I'm a post whore too. I don't do Facebook and shit so this is what I do when I take shits and breaks from work. I catching up to you bundy.


----------



## NbleSavage (Oct 9, 2017)

I say we turn this into a 'Bundy Trash Talk' thread. 

I'll start.

Bundy brings 13 items into the Express Lane.


----------



## stonetag (Oct 9, 2017)

A good jab right square in the nose right now will shut him up!


----------



## Jada (Oct 9, 2017)

Caballero said:


> Fixed  :32 (20):



Lmfao!!!!!!


----------



## John Ziegler (Oct 9, 2017)

Bundy wears speedo's to the beach


----------



## Iron1 (Oct 11, 2017)

Hey, don't make fun of Bundy.
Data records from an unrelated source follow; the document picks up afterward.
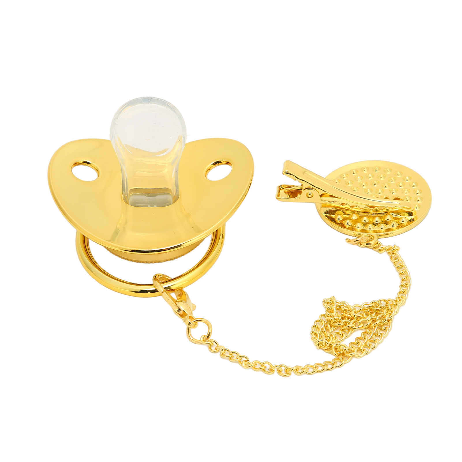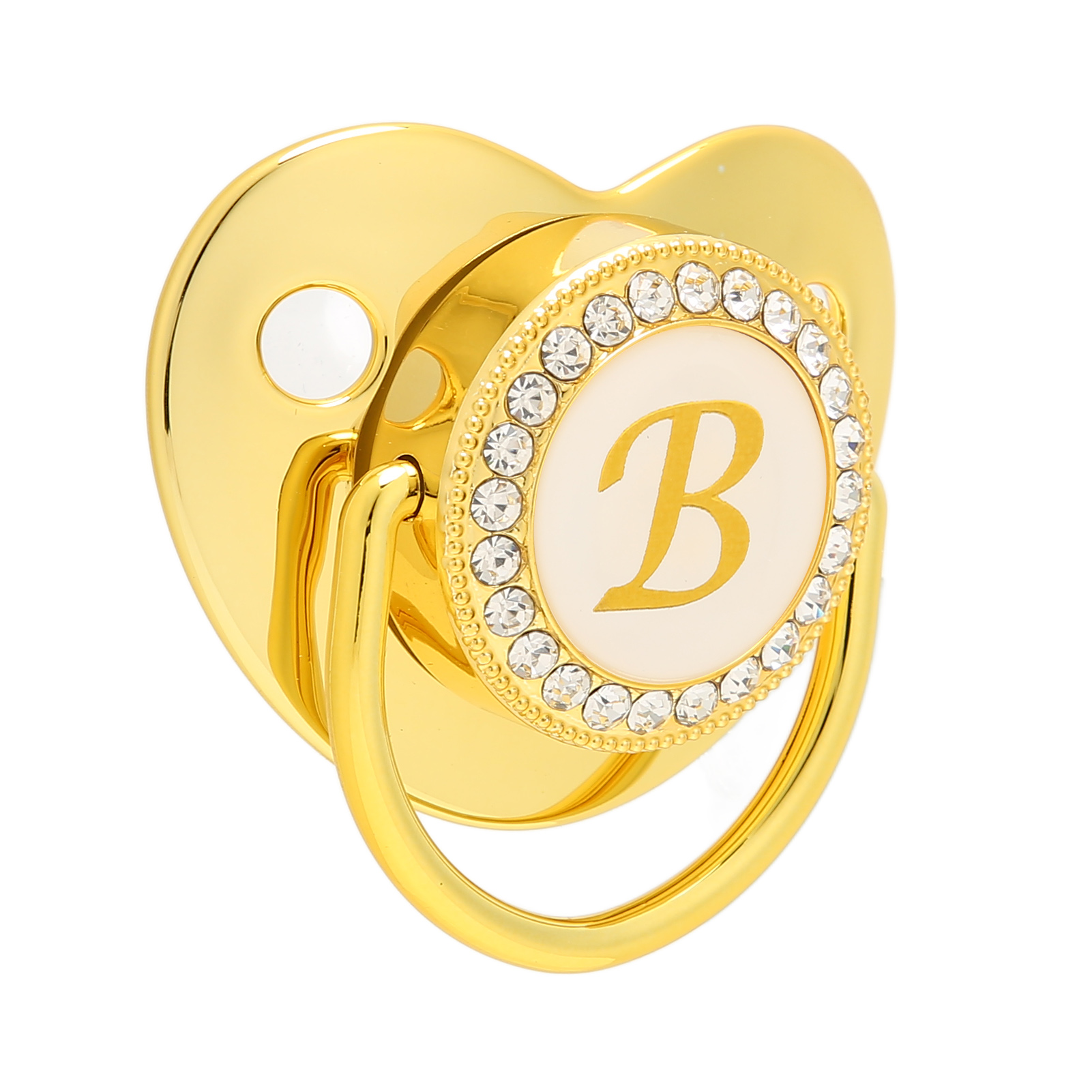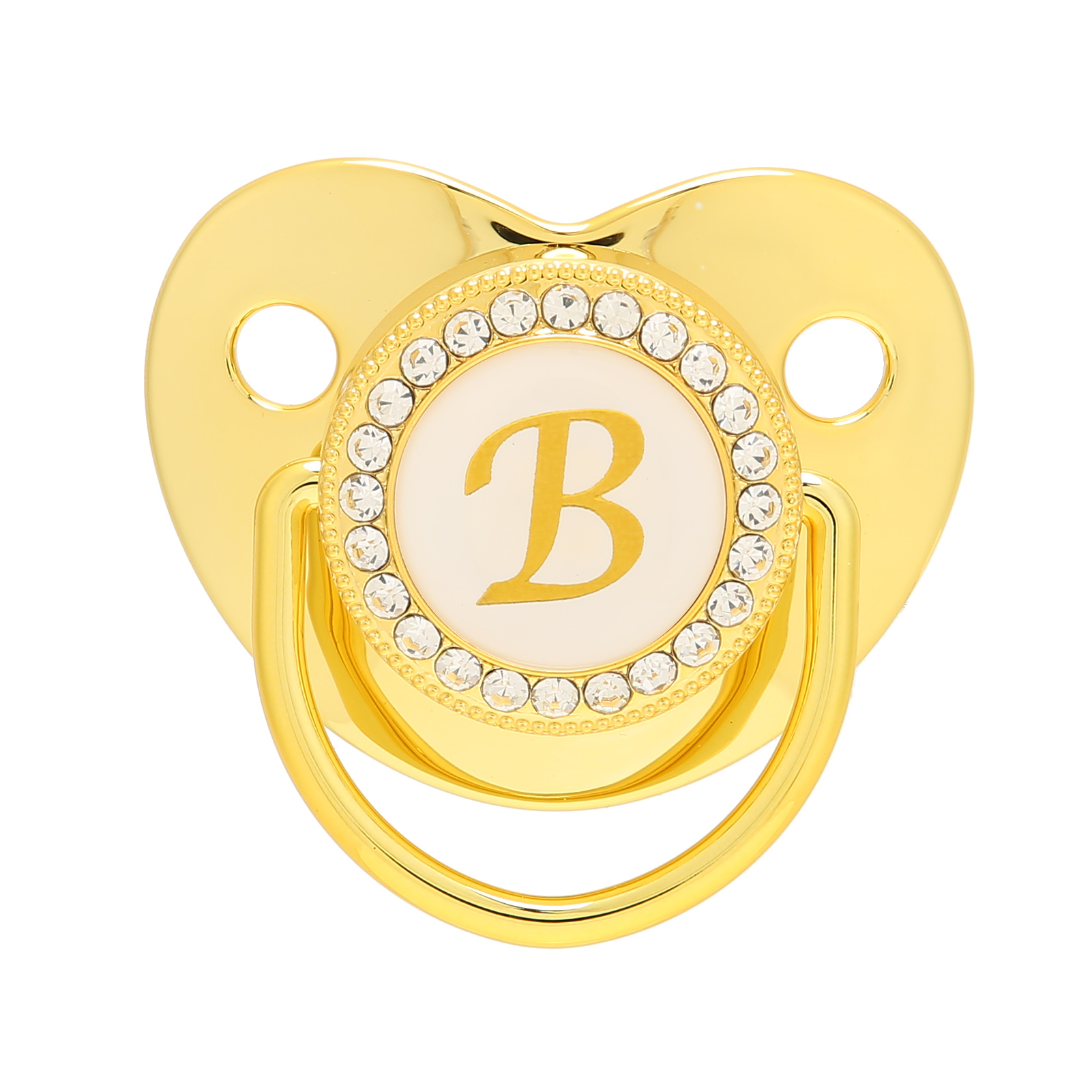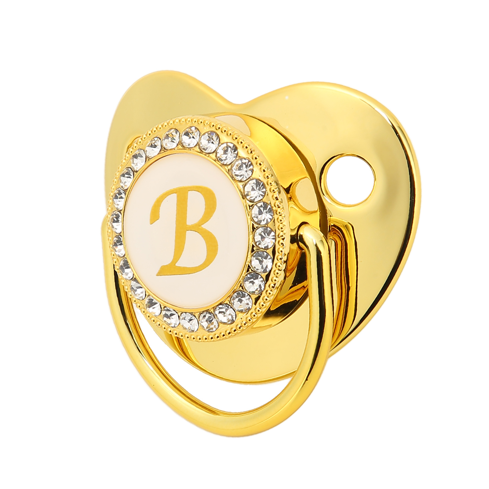 1、Curved Design: The golden pacifier with clip initials has a rounded design, which is ergonomic and reduces friction with the nose. 2、Soft Lightweight: Bling baby pacifier is ultra light and flexible to help reduce oral fatigue so baby can suck longer. 3、Safety Materials: Golden baby pacifier is made of silicone, PP and metal, BPA free, safe, non toxic, odorless, safe for babies to use. 4、Healthy Convenient: The baby pacifier adopts a one piece seamless design, which will not hide dirt, and there is no danger of swallowing. 5、26 Letter Design: Developed with the support of pediatric feeding experts, the cylindrical shape allows your baby to mimic the shape of their tongue while breastfeeding, helping to preserve your breastfeeding journey.
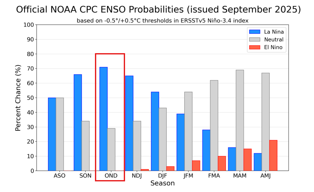 Nesse sentido, é importante destacarmos que é possível vermos novamente a incidência do fenômeno La Niña sobre a safra brasileira de verão. A última atualização da Administração Oceânica e Atmosférica Nacional (NOAA, na sigla em inglês) aponta para uma probabilidade de 71% de o La Niña se desenvolver entre outubro, novembro e dezembro. Tal fato merece atenção, pois o fenômeno La Niña tem como padrão chuvas abaixo da média na Região Sul do Brasil, o que coloca em risco as lavouras do Paraná, Rio Grande do Sul e Santa Catarina.
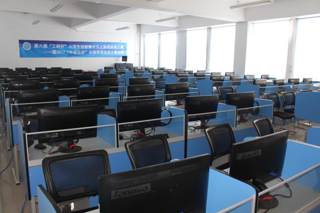 外语学院语言实验中心从2011年建立到现在,实验室规模正逐步的壮大起来。从成立之初的三个实验室到现在已拥有10个实验室,占用面积从350平方米扩大到现在的740平方米。实验室有专门的教师进行管理,并制定了严格的实验室规章制度,不仅针对实验员而且对在实验室上课的每位教师和学生都制定了相应的管理制度。实验室也配备专门的学生对实验室的环境卫生每天进行定时的打扫,实验员每天上课之前也对每个实验室,每台设备进行检查,做到心中有数,如有机器发生故障,及时报修。实验室做到了在近三年的使用过程中,没有发生一次教学事故,保证外语学院全院教学工作的顺利进行。语言实验中心现有三百多个座位供专业学生使用,还有一百多座位给公外学生自主学习使用。其中为了满足专业学生听力课和口语课需求,实验室714、718、619面向教师和学生全天候开放,每天都承担着不同类型的专业课,同时也承担着韩语和德语的听力教学任务。本学期又增加了701专业语音室,并配备了相应的学习平台,供教师和学生使用。619 为环幕式三维立体教学系统,为英语专业的很多课程提供了良好的教学环境和教学资源素材库。716为公共礼仪实训室,专门有教师为本专业的学生上礼仪、形体实训课,为他们毕业后走向工作岗位,奠定了良好基础;此外外语学院还设置了办公自动化实训室和新建成的商务英语实训室。多年来,省内多个院校来到外语学院实验室参观学习,并给予好评。
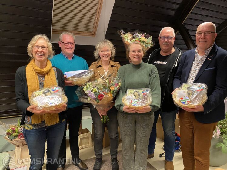 Op de foto (v.l.n.r.) de jubilarissen: Carla Dallinga is 30 jaar lid van DSHO, Jans Slachter 50 jaar lid van DSHO en KNMO, Gerda Linstra is 30 jaar lid van DSHO, Harma Dijkema-Hoogstra is 35 jaar lid van de KNMO en Elzo Medema en Roelf Schipper zijn beide 55 jaar lid van de KNMO.
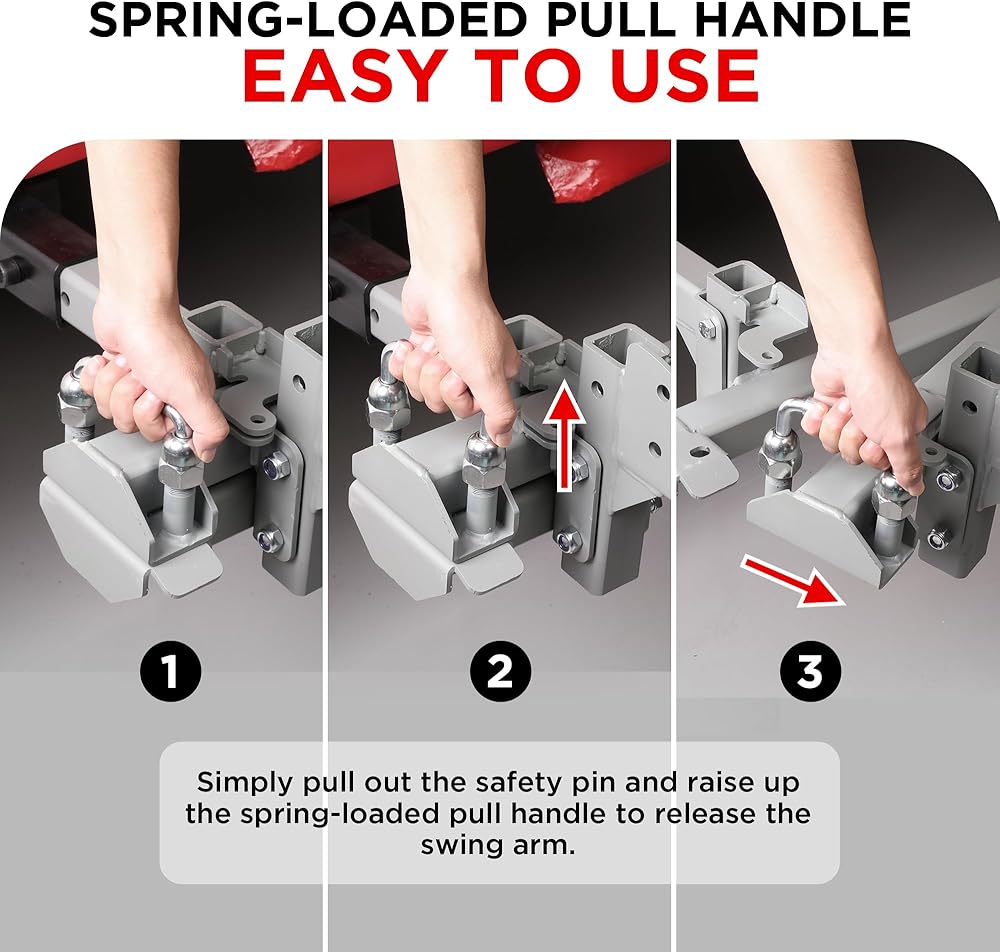 هيكل عالي التحمل: مصنوع من مواد عالية الجودة، يتميز ذراع Swing Away الخاص بنا ببنية قوية لتحمل قسوة الاستخدام اليومي. مع سعة وزن تصل إلى 500 رطل، فإنه يوفر دعمًا متينًا لحامل وصلة الربط أو رف الدراجة، مما يضمن النقل الموثوق به أينما ذهبت.

He wakes up and sticks his abs on one at a time just like the rest of us.


----------



## BigGameHunter (Oct 15, 2017)

You crazy MFer


----------



## Yaya (Oct 15, 2017)

U are so gay


----------



## Yaya (Oct 15, 2017)

Well well well look what we got here..hahahaha I've reached 6,152 k posts here at SI.. High post count is gay.I've had some good times but barely. Thanks to nobody . I hate most of u. I dont  give a fuk how u assholes feel .. hello si


----------



## JuiceTrain (Oct 17, 2017)

Yaya said:


> Well well well look what we got here..hahahaha I've reached 6,152 k posts here at SI.. High post count is gay.I've had some good times but barely. Thanks to nobody . I hate most of u. I dont  give a fuk how u assholes feel .. hello si



 ▒▒▒▒▒▒▒▒▒▒▒▒
 ▒▒▒▒▓▒▒▓▒▒▒▒
 ▒▒▒▒▓▒▒▓▒▒▒▒
 ▒▒▒▒▒▒▒▒▒▒▒▒
 ▒▓▒▒▒▒▒▒▒▒▓▒
 ▒▒▓▓▓▓▓▓▓▓▒▒
 ▒▒▒▒▒▒▒▒▒▒▒▒


----------